Though the historiography on Parnell is substantial (e.g. [Boyce and O’Day 1991]; [Travers and McCartney 2013]), his speeches – the main primary sources for accessing both his thinking and strategies – have never been collected or edited. Though they have been frequently cited, they have not been systematically studied and have often been quoted selectively from newspaper reports which have been considered to be at best biased and sometimes tendentious. In 2020 we secured a Cambridge Humanities Research Grant to remedy this situation by working towards the first critical edition of Parnell’s speeches.
If Parnell kept drafts of his speeches we do not have them, and our sources consist of multiple reports made by the newspapers that recorded his words and commented on them. One of the core questions in working towards an edition was whether it would be possible to use automated methods on these fragmentary sources to reconstruct what Parnell actually said in his speeches. We were also interested in how the reports varied, and what that variation might tell us about the practices and biases of the journalists who wrote them and the newspapers which published them. This article discusses the use of two digital tools in our attempts to answer these research questions: CollateX, which was designed by digital humanities practitioners for the comparison of textual variants, and SBERT Sentence Transformers, which establishes levels of similarity between texts.
Perhaps the most interesting aspect of the project was that the digital methods did not generally reveal the implicit bias in reporting the content of the speeches that we were looking for (with one significant exception, described in Section 6.2), nor did they allow us to construct single reliable texts of the speeches. Instead, they gave us insight into the process of reporting Parnell’s speeches, and how the practices and methods of newspapers, editors and journalists, their approaches, mistakes and omissions, might help historians to better understand the speeches as a corpus. This highlights the role of digital humanities methods and approaches in generating new perspectives, even if they appear to be unsuccessful in answering our original questions – as Willard McCarty has said, “a good model can be fruitful in two ways: either by fulfilling our expectations, and so strengthening its theoretical basis, or by violating them, and so bringing that basis into question. [...] from the research perspective [...] failure to give us what we expect is by far the most important result” [McCarty 2013].

2 Related Work

Related work on automated approaches to digital editions highlights two aspects of particular relevance to our project: the edition as a process rather than a finished output, and the necessity of combining digital methods with the kind of detailed interpretation and deep reading usually associated with more traditional humanities research.

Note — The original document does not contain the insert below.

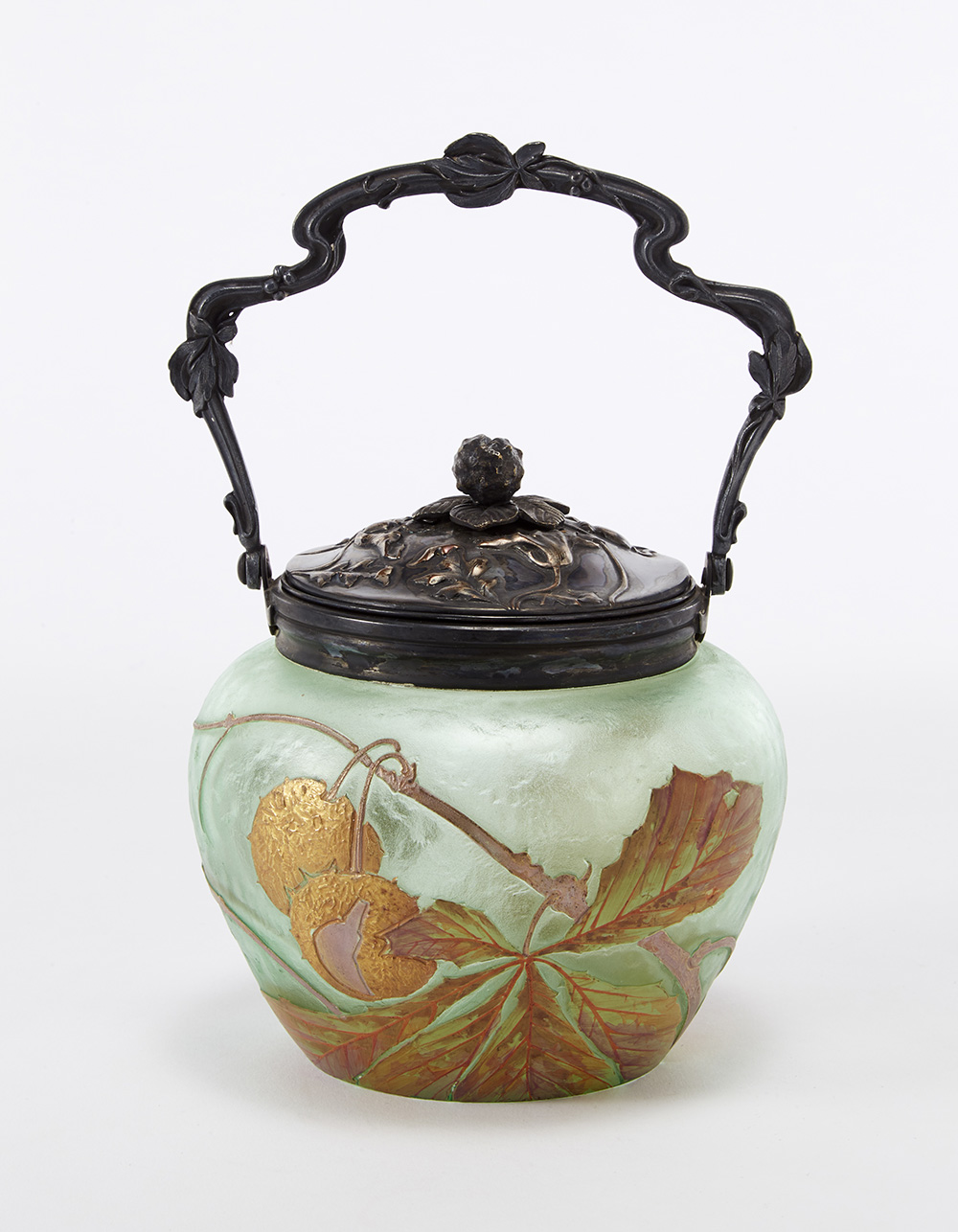 Contenitore Art Nouveau in vetro trasparente verdino corroso all’acido e decorato con motivi vegetali, coperchio in metallo argentato

The adaptation of the scholarly edition to the digital age has led to an emphasis on viewing the text within the context of its creation, and an understanding of textual boundaries as both mutable and extensible. Recent approaches to digital scholarly editing position editorial work as a dynamic, creative process, with hybridity and differing textual versions given a new prominence [Nabugodi and Ohge 2022]. This is also true of the edition in itself, which is increasingly approached as a multifaceted object, with a “final” text presented alongside manuscript variants, related texts, images and digital tools. This movement towards a mutable vision of the text has a clear relevance to what might be seen as the “limitations” of the Parnell speech source material – the ephemeral nature of the speech itself, and the lack of any canonical version of the text against which to compare witnesses. While recent literature emphasises the importance of digital approaches to the scholarly edition, it is also clear that editorial intervention is an important factor, both in the interpretation of results and in feeding back to the digital processes themselves.

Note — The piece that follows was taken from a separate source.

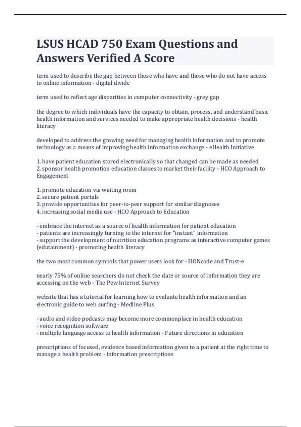 LSUS HCAD 750 Exam Questions and Answers Verified A Score term used to describe the gap between those who have and those who do not have access to online information - digital divide term used to reflect age disparities in computer connectivity - grey gap the degree to which individuals have the capacity to obtain, process, and understand basic health information and services needed to make appropriate health decisions - health literacy developed to address the growing need for managing health information and to promote technology as a means of improving health information exchange - eHealth Initiative 1. have patient education stored electronically so that changed can be made as needed 2. sponsor health promotion education classes to market their facility - HCO Approach to Engagement 1. promote education via waiting room 2. secure patient portals 3. provide opportunities for peer-to-peer support for similar diagnoses 4. increasing social media use - HCO Approach to Education - embrace the internet as a source of health information for patient education - patients are increasingly turning to the internet for "instant" information - support the development of nutrition education programs as interactive computer games (edutainment) - promoting health literacy the two most common symbols that power users look for - HONcode and Trust-e nearly 75% of online searchers do not check the date or source of information they are accessing on the web - The Pew Internet Survey website that has a tutorial for learning how to evaluate health information and an electronic guide to web surfing - Medline Plus - audio and video podcasts may become more commonplace in health education - voice recognition software - multiple language access to health information - Future directions in education prescriptions of focused, evidence based information given to a patient at the right time to manage a health problem - information prescriptions wide range of health services that are delivered by telecommunications-ready tools, such as telephone, videophone, and computer (does not always involve clinical servies) - telehealth -demographics - healthcare worker shortages -chronic conditions - new educated consumers -excessive costs - driving forces for telehealth the use of medical information exchanged from one site to another via electronic communications to improve patients' health status - telemedicine -homebound -limited transportation access -rural or remote populations -reduce hospital length of stay -managing patients in a major disaster - telehealth patient populations 1. central stations/web servers 2. peripheral biometric devices 3. telephones 3. video cameras 4. personal emergency response systems 5. sensor and activity monitoring systems 6. medication management devices - tools of home telehealth

The blurring of the boundary between an authoritative central text and its context is a problem which increasingly preoccupies the producers of modern scholarly editions. James Cummings draws a distinction between the “document” as “a particular instance of a physical manifestation of this text” and the “work” as “an abstraction as understood by readers (including authors and editors)” [Cummings 2019a]. From this viewpoint, the edition is continually destabilised by the contextual environment from which it originates and continues to be formed. While in some ways this is true of all editions, it is presented as being particularly true of the digital edition, which has the potential “[to] be near-infinitely refactorable and dynamically to provide different views depending on external interactions” [Cummings 2019a]. This can be expanded to the process of creating the digital edition and the foregrounding within the edition itself of the research methods and techniques, such as collation, which are used as part of the editorial process. Dirk van Hulle asserts the potential of modern editions to simulate “a process, such as the creative and imaginative process of a literary work” [Van Hulle 2019]. This reflects our own experience of the automated collation of an edition as a research method which raises new questions about the corpus, rather than a tool for providing definitive versions of texts.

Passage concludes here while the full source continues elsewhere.